WHAT NEEDS TO BE DONE: Every line below from the one with "The relationship curves" through the one with "Heartbeat series of" should be retyped exactly, both ends included; no other lines and no pictures.

EXTRACTED ENTRIES:
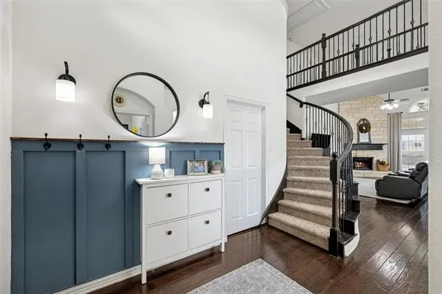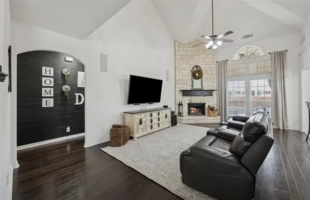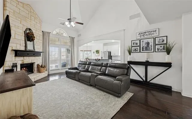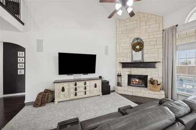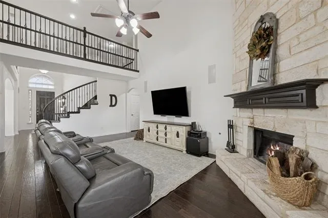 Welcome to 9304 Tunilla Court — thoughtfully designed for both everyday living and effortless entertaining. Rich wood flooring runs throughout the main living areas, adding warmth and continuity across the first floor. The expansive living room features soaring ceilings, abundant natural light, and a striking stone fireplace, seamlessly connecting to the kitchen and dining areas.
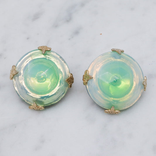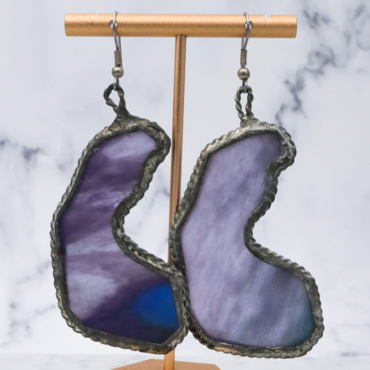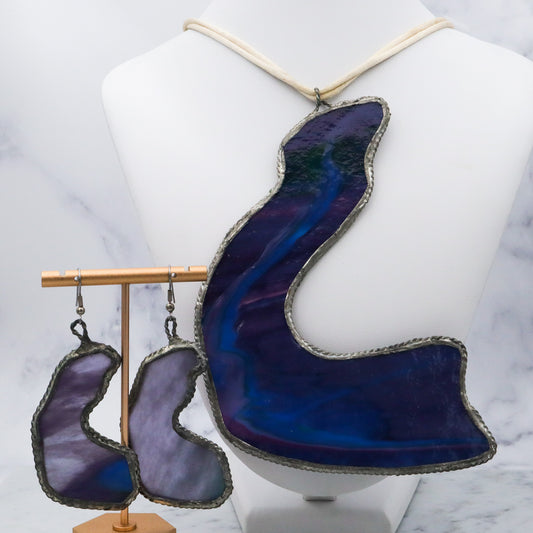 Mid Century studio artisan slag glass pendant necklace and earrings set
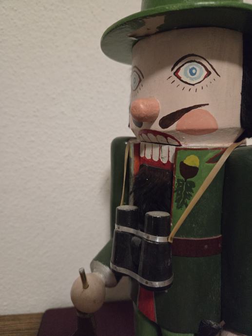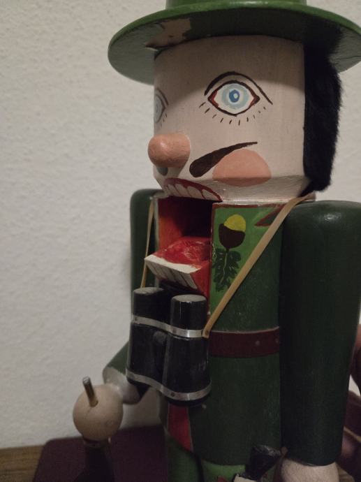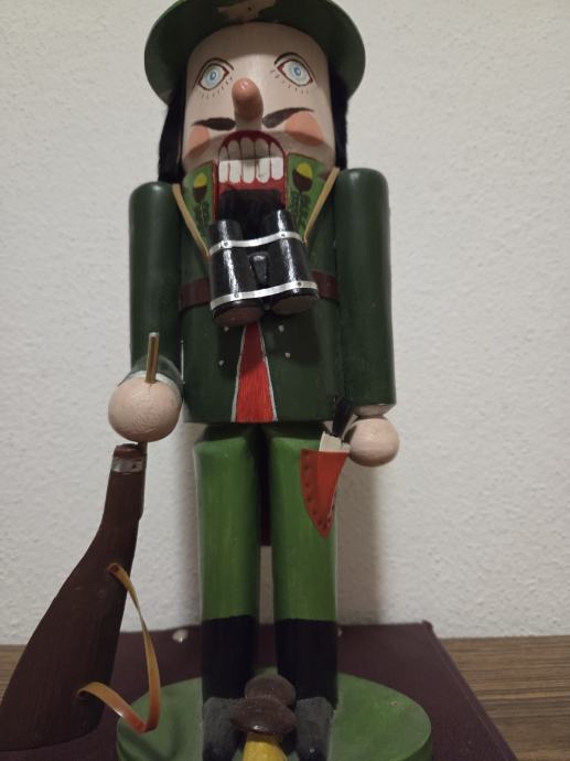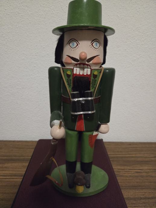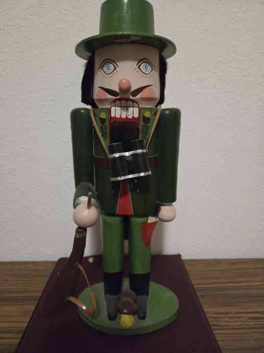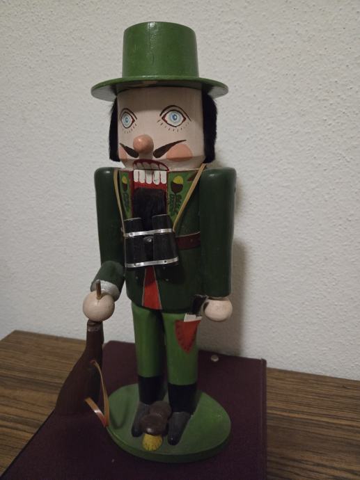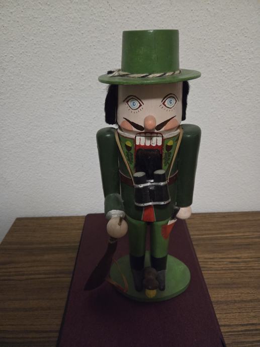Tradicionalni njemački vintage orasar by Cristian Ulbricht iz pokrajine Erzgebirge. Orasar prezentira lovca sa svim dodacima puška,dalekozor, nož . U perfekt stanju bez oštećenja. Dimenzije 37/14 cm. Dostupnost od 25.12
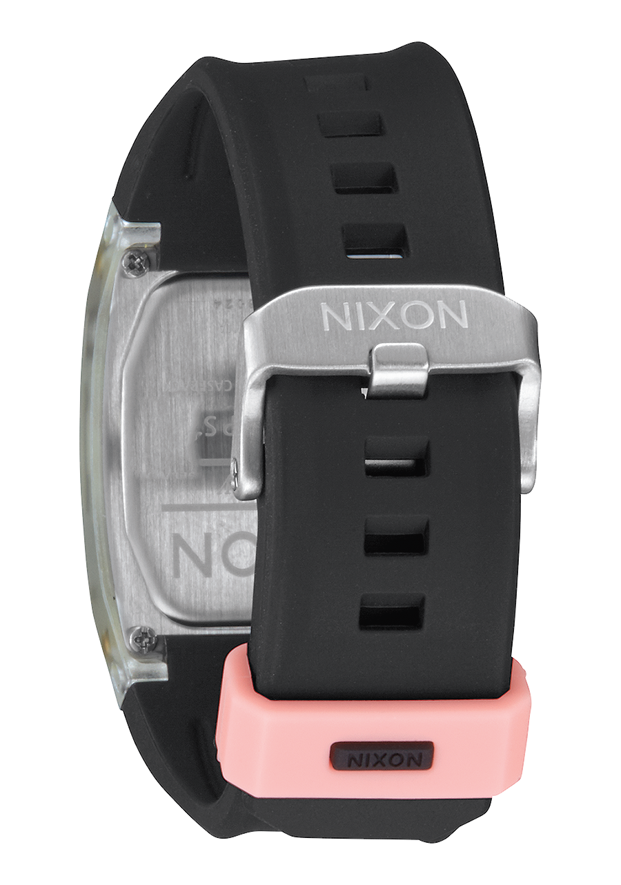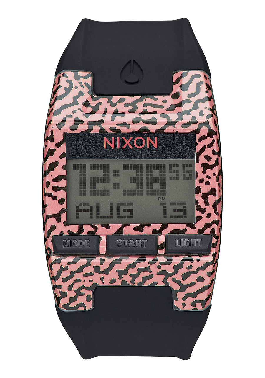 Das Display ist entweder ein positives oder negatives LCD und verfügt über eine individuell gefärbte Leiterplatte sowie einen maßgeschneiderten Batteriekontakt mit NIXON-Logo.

---

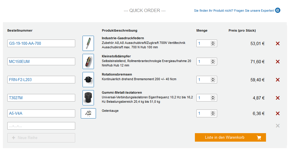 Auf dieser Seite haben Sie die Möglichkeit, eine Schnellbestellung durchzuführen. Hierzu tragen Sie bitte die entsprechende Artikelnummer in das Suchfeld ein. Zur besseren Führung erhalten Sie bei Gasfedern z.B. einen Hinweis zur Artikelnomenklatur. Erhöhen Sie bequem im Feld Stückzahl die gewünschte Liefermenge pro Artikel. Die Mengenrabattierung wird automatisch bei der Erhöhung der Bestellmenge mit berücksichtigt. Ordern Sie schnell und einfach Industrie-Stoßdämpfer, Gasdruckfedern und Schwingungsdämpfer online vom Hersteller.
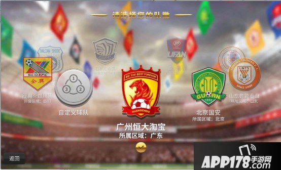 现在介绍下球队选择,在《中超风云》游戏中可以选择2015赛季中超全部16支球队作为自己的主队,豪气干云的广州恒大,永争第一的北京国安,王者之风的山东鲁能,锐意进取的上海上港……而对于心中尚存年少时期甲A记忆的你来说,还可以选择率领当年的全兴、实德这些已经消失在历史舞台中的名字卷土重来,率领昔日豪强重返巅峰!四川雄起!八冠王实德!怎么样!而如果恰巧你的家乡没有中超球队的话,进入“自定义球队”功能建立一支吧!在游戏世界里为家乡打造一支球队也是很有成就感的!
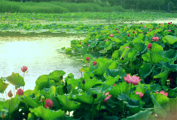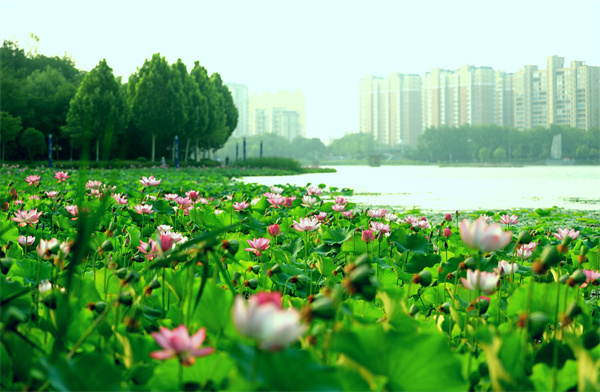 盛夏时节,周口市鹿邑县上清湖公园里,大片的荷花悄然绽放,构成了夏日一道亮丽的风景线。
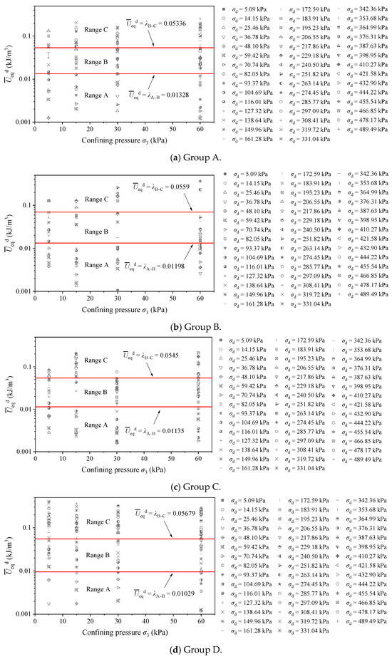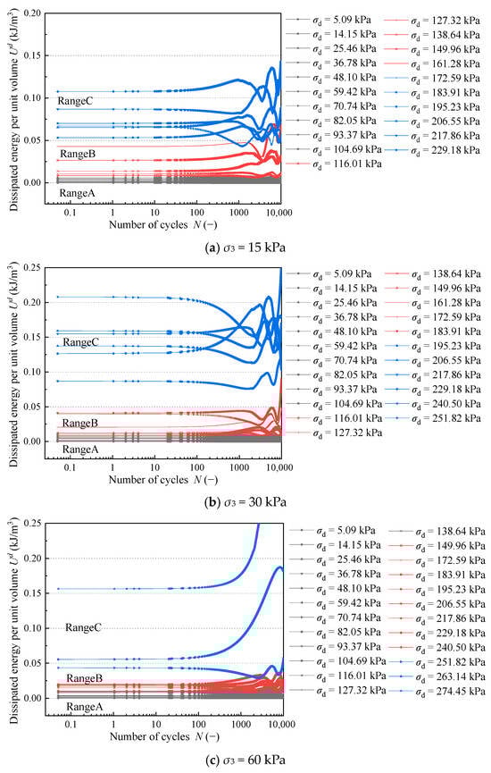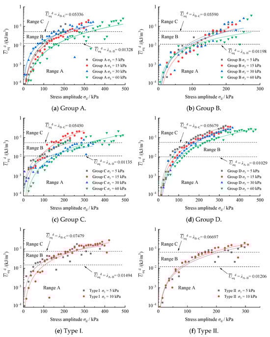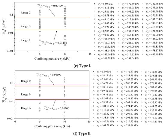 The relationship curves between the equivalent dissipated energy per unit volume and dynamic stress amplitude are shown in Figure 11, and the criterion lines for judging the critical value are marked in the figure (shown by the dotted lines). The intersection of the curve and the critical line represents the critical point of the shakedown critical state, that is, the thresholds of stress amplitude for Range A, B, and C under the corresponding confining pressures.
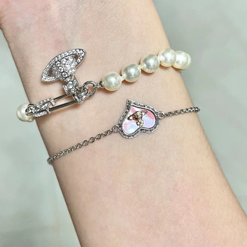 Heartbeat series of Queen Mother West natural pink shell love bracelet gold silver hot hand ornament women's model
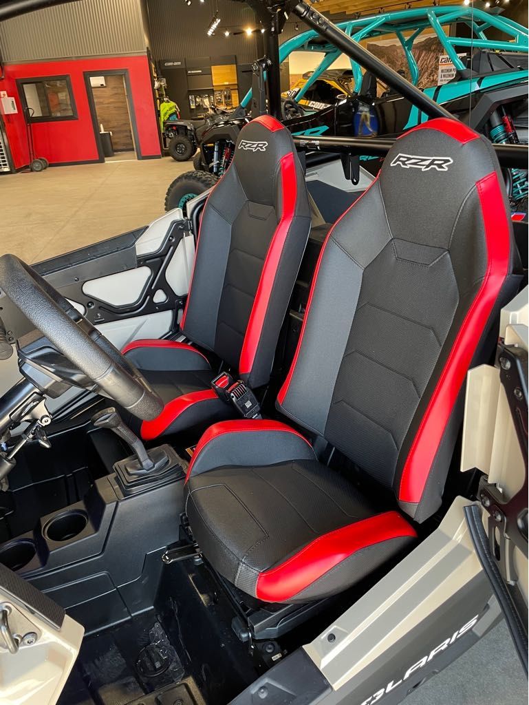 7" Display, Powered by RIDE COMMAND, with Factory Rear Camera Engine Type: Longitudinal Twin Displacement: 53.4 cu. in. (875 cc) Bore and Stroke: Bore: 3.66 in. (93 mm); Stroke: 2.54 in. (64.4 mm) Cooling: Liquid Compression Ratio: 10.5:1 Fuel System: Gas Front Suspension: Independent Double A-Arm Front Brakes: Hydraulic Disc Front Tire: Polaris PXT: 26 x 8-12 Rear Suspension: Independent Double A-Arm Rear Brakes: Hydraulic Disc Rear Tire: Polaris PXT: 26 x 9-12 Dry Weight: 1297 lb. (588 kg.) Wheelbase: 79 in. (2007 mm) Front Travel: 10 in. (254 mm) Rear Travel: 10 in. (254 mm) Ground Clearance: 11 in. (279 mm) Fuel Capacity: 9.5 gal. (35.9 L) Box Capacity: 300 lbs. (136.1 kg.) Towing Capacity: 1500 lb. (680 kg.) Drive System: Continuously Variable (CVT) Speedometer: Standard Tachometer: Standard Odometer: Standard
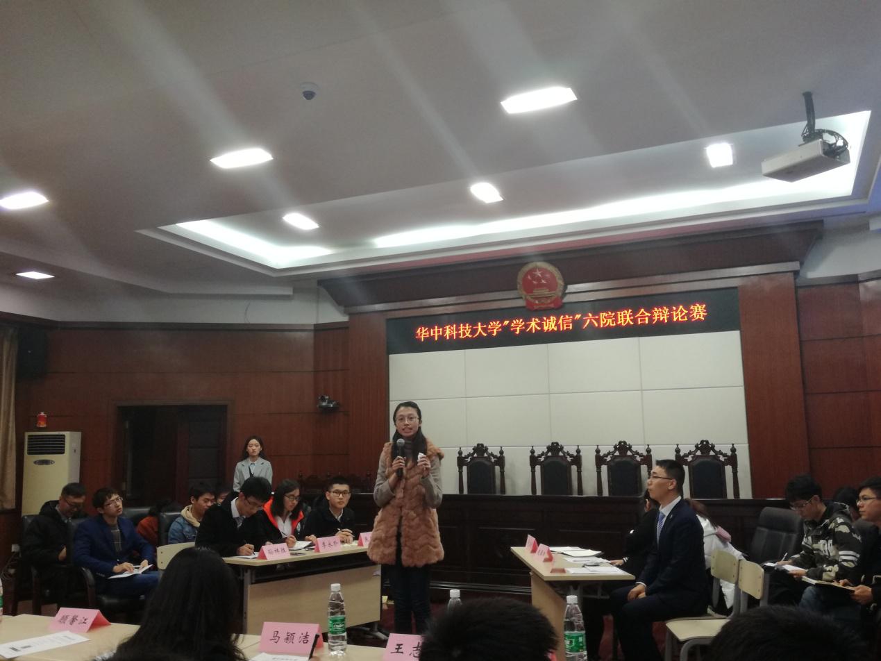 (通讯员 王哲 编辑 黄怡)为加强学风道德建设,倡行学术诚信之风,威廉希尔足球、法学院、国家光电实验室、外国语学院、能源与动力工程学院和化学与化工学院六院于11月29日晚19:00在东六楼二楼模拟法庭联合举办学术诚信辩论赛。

FINISHED TASK:
 The relationship curves between the equivalent dissipated energy per unit volume and dynamic stress amplitude are shown in Figure 11, and the criterion lines for judging the critical value are marked in the figure (shown by the dotted lines). The intersection of the curve and the critical line represents the critical point of the shakedown critical state, that is, the thresholds of stress amplitude for Range A, B, and C under the corresponding confining pressures.
 Heartbeat series of Queen Mother West natural pink shell love bracelet gold silver hot hand ornament women's model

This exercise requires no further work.